Medical imaging technique

Angiography or arteriography is a medical imaging technique used to visualize the inside, or lumen, of blood vessels and organs of the body, with particular interest in the arteries, veins, and the heart chambers. Modern angiography is performed by injecting a radio-opaque contrast agent into the blood vessel and imaging using X-ray based techniques such as fluoroscopy. With time-of-flight (TOF) magnetic resonance it is no longer necessary to use a contrast.

The word itself comes from the Greek words ἀγγεῖον angeion 'vessel' and γράφειν graphein 'to write, record'. The film or image of the blood vessels is called an angiograph, or more commonly an angiogram. Though the word can describe both an arteriogram and a venogram, in everyday usage the terms angiogram and arteriogram are often used synonymously, whereas the term venogram is used more precisely.

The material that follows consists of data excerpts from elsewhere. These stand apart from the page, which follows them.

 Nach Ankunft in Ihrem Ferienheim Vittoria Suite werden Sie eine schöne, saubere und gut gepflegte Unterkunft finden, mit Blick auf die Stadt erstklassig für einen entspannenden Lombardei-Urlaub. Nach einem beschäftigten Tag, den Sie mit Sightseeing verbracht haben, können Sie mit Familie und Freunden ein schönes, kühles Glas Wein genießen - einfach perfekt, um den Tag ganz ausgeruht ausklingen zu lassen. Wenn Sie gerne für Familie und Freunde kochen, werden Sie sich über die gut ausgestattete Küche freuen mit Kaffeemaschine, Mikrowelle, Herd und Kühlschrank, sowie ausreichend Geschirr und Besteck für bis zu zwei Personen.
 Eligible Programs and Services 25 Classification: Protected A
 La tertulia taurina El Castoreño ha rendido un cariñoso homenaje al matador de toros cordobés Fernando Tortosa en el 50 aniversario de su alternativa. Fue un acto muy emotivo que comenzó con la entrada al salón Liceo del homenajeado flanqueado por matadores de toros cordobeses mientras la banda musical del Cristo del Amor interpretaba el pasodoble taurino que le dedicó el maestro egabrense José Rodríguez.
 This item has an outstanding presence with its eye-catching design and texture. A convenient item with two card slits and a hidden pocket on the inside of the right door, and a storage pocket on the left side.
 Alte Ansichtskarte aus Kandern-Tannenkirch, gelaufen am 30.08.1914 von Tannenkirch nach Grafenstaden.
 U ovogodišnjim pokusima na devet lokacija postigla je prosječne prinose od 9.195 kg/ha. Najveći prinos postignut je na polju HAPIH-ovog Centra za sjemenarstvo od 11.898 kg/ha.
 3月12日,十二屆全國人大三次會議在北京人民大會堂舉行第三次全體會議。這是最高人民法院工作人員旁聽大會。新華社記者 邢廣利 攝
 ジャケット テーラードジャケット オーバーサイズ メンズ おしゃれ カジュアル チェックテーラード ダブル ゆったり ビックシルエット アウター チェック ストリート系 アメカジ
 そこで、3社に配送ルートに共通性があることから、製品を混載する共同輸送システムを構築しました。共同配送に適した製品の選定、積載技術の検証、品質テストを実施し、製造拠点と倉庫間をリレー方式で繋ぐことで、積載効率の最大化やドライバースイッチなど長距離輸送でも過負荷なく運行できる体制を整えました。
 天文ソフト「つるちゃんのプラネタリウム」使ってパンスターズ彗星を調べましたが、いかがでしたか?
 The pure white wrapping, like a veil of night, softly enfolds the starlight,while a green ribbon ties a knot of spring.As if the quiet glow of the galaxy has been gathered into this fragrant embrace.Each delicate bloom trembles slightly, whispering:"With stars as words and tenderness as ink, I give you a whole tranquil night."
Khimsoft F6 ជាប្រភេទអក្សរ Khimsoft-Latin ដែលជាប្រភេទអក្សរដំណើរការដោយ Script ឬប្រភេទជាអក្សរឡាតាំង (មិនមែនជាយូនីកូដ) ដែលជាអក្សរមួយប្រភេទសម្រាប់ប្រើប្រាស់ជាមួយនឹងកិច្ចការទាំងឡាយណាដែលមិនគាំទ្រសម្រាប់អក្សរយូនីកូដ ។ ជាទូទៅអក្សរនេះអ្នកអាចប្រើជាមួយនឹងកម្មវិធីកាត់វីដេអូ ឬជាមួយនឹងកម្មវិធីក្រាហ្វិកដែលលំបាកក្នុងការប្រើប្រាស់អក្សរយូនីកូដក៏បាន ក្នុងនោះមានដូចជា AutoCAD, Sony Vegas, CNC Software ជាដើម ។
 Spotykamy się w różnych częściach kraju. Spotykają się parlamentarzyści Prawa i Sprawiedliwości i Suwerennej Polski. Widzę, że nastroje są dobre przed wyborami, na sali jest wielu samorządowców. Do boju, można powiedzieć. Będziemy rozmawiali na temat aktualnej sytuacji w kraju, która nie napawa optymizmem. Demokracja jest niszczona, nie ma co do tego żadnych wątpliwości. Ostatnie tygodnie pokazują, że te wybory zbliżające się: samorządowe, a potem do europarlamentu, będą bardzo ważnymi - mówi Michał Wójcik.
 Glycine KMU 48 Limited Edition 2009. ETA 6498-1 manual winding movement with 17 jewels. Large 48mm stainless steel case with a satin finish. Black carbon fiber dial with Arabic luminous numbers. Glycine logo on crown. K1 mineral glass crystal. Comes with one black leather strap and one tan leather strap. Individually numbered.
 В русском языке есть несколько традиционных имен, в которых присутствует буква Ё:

The term angiography has been applied to radionuclide angiography and newer vascular imaging techniques such as CO_{2} angiography, CT angiography and MR angiography. The term isotope angiography has also been used, although this more correctly is referred to as isotope perfusion scanning.

==History==

Renal artery angiography video

The technique was first developed in 1927 by the Portuguese physician and neurologist Egas Moniz at the University of Lisbon to provide contrasted X-ray cerebral angiography in order to diagnose several kinds of nervous diseases, such as tumors, artery disease and arteriovenous malformations. Moniz is recognized as the pioneer in this field. He performed the first cerebral angiogram in Lisbon in 1927, and Reynaldo dos Santos performed the first aortogram in the same city in 1929. In fact, many current angiography techniques were developed by the Portuguese at the University of Lisbon. For example, in 1932, Lopo de Carvalho performed the first pulmonary angiogram via venous puncture of the superior member. In 1948 the first cavogram was performed by Sousa Pereira. With the introduction of the Seldinger technique in 1953, the procedure became markedly safer as no sharp introductory devices needed to remain inside the vascular lumen. Radial access technique for angiography can be traced back to 1989, when Lucien Campeau first cannulated the radial artery to perform a coronary angiogram.

==Technique==
Depending on the type of angiogram, access to the blood vessels is gained most commonly through the femoral artery, to look at the left side of the heart and at the arterial system; or the jugular or femoral vein, to look at the right side of the heart and at the venous system. Using a system of guide wires and catheters, a type of contrast agent (which shows up by absorbing the X-rays), is added to the blood to make it visible on the X-ray images.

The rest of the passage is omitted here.